私たちはこの170万人のみなさんが、意欲があるのであれば、働ける状態をなんとかサポートしたいと思っています。

働くお母さんに関する3つの課題

「子育てしながら働きやすい世の中を、共に創る。」ということで、私たちは今年の頭に、働くお母さんに関する調査を実施しました。その調査から3つ課題を抽出しています。

1つ目は、妊娠・出産で辞める方が日本では6割いらっしゃるという事実。第一子出産後にお仕事を辞めた方にアンケートをしましたところ、「辞めたことを後悔していますか?」という質問に対して「後悔している」という方が4割いらっしゃる。「6割は後悔していないじゃないか!」という声もあります。

けれども、「今、(あの時)辞めてなければ良かった」という思いを持っている方が4割いるのであれば、私たちは「それは、なぜそう思うのか?」「なぜ、辞めなければいけなかったのか?」という原因をしっかりと可視化して、課題の解決をしていきたいと思っています。
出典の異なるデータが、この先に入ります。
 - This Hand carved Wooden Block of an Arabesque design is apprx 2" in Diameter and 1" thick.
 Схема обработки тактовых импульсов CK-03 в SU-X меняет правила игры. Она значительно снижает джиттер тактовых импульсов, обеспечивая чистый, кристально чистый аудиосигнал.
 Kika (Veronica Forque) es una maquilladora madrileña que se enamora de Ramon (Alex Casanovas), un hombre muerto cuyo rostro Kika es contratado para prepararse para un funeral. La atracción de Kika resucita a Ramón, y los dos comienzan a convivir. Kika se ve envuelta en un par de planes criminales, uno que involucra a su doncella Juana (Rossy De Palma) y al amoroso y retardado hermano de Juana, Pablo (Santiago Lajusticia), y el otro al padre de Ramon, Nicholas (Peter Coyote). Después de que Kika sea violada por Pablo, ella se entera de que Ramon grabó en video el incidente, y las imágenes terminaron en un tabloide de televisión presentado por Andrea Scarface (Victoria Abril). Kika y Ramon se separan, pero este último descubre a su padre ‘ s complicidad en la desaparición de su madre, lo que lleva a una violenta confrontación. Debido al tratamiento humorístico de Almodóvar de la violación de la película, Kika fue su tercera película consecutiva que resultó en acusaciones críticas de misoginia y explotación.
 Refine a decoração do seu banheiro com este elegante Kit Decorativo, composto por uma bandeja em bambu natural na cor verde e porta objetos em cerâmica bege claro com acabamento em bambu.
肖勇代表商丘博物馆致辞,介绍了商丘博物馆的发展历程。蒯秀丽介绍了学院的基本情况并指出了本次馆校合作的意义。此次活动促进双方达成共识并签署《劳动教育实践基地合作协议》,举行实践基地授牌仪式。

2つ目、「辞めずに仕事を続けている」あるいは「1回辞めたけれども、もう1回仕事をしている」という方々が、この会場には多くいらっしゃると思います。その方々にアンケートを取りました。すると「育児と仕事の両立がストレスだ」と答える方が8割。

8割の方がストレスを抱えながら育児と仕事をしている世界を、もはや当たり前だと思う方もいらっしゃるかもしれませんが、「本当にそれが当たり前なのだろうか?」ということを考えて、このことを解決していきたいと思っています。

そして3つ目、「辞めてしまった後、もう一度働きたい」と思った時に働けない方が170万人います。その方々へ「なぜ、働きたいのに働いていないのですか?」と聞いた時、「条件に合う仕事がない」というお答えがとても多いです。
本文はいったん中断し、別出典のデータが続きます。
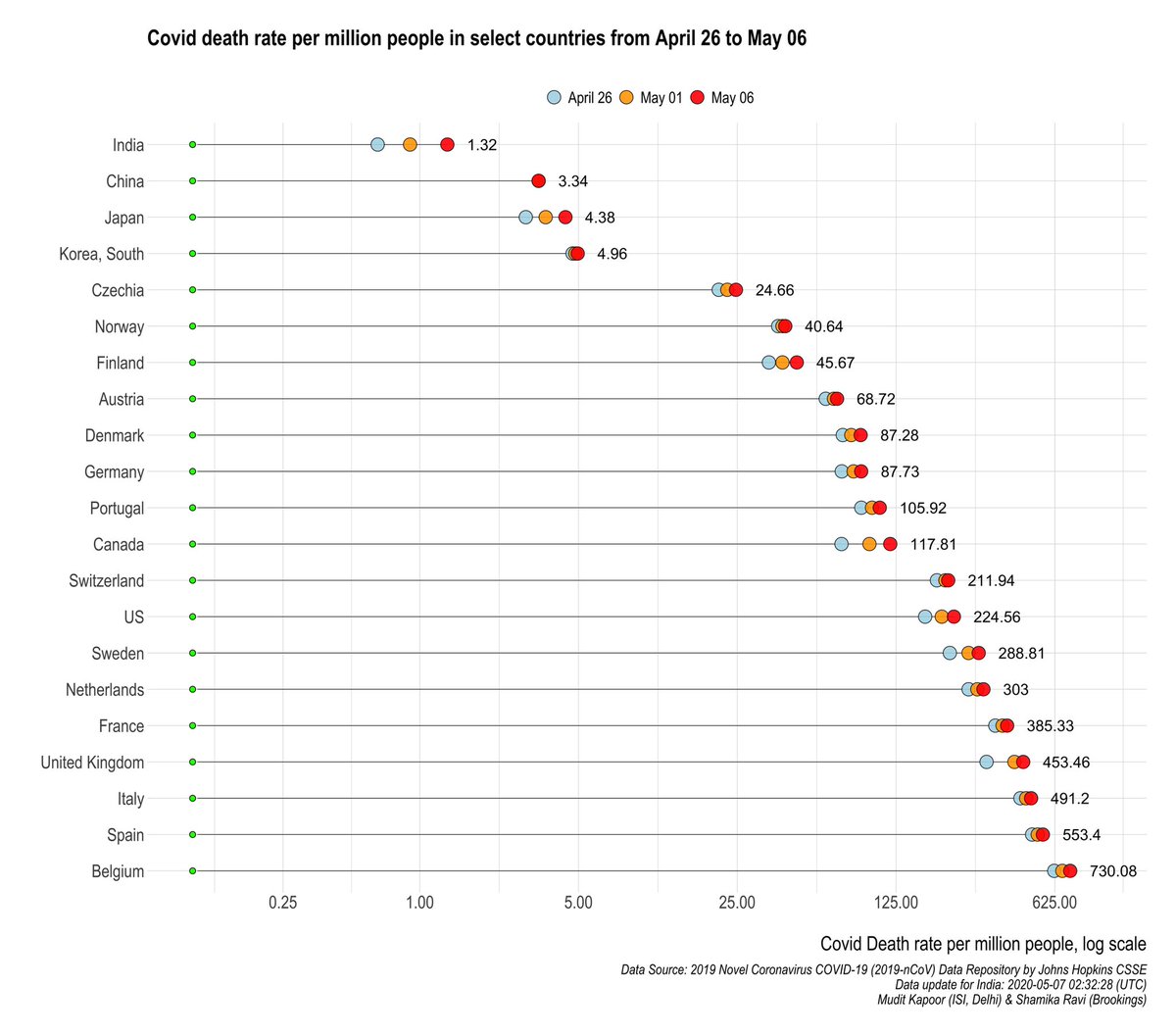 What are people's theories of Japan *and* India? Yes, I know both undercount and Japan wore masks. But no real lockdown in Japan, no mass testing in either but both are so much better than NYC or Lombardy, even weeks after lockdowns. What theory explains both Japan and India? https://twitter.com/Pinboard/status/1258363452889772034 …pic.twitter.com/ca0h3g7tZq

お子様を育てている時「16時までしか働けない」「お迎えに行く」など、いろいろな制約条件があると思います。今の日本はそれらの条件を満たす仕事が少ないという現実がありますので、そのことを解決していきたいと思っています。

「はたらく育児」を当たり前にするためのサービスを

具体的に、どのようなことをやっているのかについてですが、私たち、いろいろな求人メディアや人材派遣のサービスを持っております。その中で、企業の皆様と共に、「短時間の仕事を一緒に作っていきましょう!」ということを呼びかけています。

そして、企業の皆様と共に「短時間でOK!」「16時まででOK!」と言ったお仕事をたくさん作っていきたいと思っています。

その他に、家事支援サービス「casial(カジアル)」というサービスを、今フィジビリティ(実現可能かの検証段階)で展開しています。

また、ブランクが空いてしまい不安でエントリーできない、あるいはエントリーをしたけれど怖くて面接に行けないという方が実は結構いらっしゃいます。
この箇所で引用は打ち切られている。